W_fc2 = weight_variable([512, env.action_space.n])
b_fc2 = bias_variable([env.action_space.n])
y_conv = tf.matmul(h_fc1, W_fc2) + b_fc2

accuracy = tf.squared_difference(y_, y_conv)
loss = tf.reduce_mean(accuracy)
optimizer = tf.train.AdamOptimizer(0.0001).minimize(loss)

tf.global_variables_initializer().run()
Maxim
  • 52,561
  • 27
  • 155
  • 209
Usherwood
  • 359
  • 3
  • 11

1 Answers1

3

Here's a way to arrange this. First up, you make a separate graph for each network to run them in parallel in different sessions:

graph1 = tf.Graph()
with graph1.as_default():
  model1 = build_model()

graph2 = tf.Graph()
with graph2.as_default():
  model2 = build_model()

... where build_model() defines all placeholders, variables and training ops. Both models should use the same naming for variables, which will allow them to swap the state easily.

Each network can be trained using a snapshot of the other network for the target (the latest or previous best, it's up to you). Periodically, each network is saved to the disk via tf.Saver() and restored using the weights of one the networks. For example, this code will load the weights from the 2nd network into the 1st graph:

with tf.Session(graph=graph1) as sess:
  saver = tf.train.import_meta_graph('/tmp/model-2/network.meta')
  saver.restore(sess, '/tmp/model-2/network')
  ... continue training

And this is how the model is saved:

with tf.Session(graph=graph1) as sess:
  ... do some training
  save_path = saver.save(sess, '/tmp/model-1/network')

More on saving and restoring in this question. You can do this in the same session or start a new one.

In fact, you can even try to use the same location on disk for both networks, so that both save and restore from the same file. But this will force you to have the latest snapshot, while the previous approach is more flexible.

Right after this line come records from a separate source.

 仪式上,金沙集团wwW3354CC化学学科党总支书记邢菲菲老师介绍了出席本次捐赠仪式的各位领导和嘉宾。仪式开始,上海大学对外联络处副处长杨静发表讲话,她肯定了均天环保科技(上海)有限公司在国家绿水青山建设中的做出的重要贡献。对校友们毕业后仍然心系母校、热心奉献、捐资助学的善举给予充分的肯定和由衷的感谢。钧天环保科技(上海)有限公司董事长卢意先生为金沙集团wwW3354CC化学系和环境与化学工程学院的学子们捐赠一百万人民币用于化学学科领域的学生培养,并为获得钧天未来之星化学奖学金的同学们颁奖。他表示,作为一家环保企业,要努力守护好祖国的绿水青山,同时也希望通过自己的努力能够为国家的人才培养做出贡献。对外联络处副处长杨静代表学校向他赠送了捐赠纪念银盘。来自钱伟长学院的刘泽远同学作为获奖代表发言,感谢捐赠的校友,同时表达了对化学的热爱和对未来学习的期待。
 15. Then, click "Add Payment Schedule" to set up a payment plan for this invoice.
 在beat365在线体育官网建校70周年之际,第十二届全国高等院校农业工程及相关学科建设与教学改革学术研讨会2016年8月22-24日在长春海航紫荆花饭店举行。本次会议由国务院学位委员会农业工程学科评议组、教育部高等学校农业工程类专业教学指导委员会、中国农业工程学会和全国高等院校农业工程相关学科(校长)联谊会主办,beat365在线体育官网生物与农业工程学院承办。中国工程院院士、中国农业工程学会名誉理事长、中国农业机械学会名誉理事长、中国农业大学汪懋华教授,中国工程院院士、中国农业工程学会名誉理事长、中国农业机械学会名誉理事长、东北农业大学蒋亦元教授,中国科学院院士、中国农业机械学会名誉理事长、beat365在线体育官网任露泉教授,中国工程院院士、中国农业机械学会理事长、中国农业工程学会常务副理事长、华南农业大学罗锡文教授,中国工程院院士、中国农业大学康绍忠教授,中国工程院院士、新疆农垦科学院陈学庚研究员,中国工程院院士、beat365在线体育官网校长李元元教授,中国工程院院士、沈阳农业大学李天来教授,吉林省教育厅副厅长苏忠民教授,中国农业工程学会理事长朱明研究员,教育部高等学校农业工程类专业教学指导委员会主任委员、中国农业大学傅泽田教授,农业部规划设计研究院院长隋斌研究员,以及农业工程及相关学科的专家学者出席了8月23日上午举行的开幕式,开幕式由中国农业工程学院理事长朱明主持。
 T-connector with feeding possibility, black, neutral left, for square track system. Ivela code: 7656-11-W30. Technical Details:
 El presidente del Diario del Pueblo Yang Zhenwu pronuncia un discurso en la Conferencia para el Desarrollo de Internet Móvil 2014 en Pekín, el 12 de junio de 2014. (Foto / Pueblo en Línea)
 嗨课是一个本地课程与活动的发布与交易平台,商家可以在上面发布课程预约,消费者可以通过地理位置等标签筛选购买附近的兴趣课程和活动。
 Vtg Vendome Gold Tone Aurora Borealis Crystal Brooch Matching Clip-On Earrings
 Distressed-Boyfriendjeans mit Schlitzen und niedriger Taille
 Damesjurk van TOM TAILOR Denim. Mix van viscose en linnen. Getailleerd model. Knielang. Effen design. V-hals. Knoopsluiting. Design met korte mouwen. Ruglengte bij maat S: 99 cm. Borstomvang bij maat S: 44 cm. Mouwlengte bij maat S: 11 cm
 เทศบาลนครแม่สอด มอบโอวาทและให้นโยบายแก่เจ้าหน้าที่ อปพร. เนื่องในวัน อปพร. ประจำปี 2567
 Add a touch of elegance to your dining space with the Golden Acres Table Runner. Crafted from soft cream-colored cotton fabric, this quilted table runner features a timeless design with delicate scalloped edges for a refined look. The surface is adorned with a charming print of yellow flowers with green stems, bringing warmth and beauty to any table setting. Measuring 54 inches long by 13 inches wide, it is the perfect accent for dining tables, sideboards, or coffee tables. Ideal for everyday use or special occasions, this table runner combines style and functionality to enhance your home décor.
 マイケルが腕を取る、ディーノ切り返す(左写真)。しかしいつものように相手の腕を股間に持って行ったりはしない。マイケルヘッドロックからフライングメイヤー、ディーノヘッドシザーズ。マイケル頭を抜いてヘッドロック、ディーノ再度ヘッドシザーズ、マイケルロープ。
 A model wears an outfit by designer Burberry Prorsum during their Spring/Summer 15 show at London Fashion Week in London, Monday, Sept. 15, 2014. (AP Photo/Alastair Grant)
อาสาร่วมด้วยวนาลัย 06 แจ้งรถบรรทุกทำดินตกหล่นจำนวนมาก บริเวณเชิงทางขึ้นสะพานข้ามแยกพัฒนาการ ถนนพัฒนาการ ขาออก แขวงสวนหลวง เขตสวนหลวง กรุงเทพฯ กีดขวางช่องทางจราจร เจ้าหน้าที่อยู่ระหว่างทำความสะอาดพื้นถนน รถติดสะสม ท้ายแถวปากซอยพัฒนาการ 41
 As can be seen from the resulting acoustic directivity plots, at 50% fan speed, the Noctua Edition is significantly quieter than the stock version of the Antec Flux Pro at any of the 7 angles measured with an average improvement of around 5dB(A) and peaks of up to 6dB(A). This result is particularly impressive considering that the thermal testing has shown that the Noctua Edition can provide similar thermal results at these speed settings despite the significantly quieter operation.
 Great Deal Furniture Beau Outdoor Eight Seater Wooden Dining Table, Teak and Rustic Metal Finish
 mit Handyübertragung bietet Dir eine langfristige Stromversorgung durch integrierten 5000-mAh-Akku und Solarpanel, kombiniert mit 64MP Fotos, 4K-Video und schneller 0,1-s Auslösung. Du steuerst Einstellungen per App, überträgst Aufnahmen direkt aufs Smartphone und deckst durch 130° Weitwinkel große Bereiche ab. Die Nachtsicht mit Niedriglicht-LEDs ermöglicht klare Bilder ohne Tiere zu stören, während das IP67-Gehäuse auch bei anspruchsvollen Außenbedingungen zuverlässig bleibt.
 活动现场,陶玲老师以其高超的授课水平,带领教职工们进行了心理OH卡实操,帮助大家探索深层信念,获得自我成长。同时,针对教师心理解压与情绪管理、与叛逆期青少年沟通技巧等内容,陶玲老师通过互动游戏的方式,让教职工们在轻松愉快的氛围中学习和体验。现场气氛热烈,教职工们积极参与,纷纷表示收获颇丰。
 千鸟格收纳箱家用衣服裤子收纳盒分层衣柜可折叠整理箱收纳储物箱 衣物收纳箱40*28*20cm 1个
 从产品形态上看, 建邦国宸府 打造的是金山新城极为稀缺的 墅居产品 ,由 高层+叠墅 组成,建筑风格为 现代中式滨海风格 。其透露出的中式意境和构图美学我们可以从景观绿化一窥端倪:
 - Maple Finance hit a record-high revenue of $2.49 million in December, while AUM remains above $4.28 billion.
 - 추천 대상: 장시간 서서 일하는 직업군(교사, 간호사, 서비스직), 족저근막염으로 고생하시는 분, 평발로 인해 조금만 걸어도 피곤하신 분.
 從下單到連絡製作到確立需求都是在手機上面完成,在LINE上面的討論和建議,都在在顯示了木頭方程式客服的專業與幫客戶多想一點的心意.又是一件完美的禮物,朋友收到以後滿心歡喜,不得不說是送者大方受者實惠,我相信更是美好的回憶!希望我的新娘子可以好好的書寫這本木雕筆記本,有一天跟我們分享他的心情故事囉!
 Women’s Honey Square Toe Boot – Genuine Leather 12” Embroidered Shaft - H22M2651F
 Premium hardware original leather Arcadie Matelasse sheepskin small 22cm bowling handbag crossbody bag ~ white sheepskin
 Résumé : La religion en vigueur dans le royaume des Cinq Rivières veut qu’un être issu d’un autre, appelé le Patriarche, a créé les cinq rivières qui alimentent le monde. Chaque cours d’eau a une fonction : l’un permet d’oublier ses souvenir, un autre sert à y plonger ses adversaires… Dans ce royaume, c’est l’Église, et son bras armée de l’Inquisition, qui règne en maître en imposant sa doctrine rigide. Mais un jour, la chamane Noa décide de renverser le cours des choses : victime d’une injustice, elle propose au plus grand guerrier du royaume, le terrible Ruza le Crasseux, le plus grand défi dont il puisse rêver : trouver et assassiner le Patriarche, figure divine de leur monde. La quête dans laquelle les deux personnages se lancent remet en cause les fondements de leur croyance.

One thing you need to be careful of is the use of sessions: a session created for graph1 can only evaluate tensors and ops from the graph1. Example:

def build_model():
  x = tf.placeholder(tf.float32, name='x')
  y = tf.placeholder(tf.float32, name='y')
  z = x + y
  return x, y, z

graph1 = tf.Graph()
with graph1.as_default():
  x1, y1 ,z1 = build_model()

graph2 = tf.Graph()
with graph2.as_default():
  x2, y2, z2 = build_model()

with tf.Session(graph=graph1) as sess1:
  with tf.Session(graph=graph2) as sess2:
    # Good
    print(sess1.run(z1, feed_dict={x1: 1, y1: 2}))  # 3.0
    print(sess2.run(z2, feed_dict={x2: 3, y2: 1}))  # 4.0

    # BAD! Wrong graph
    # print(sess1.run(z2, feed_dict={x2: 3, y2: 1}))
Maxim
  • 52,561
  • 27
  • 155
  • 209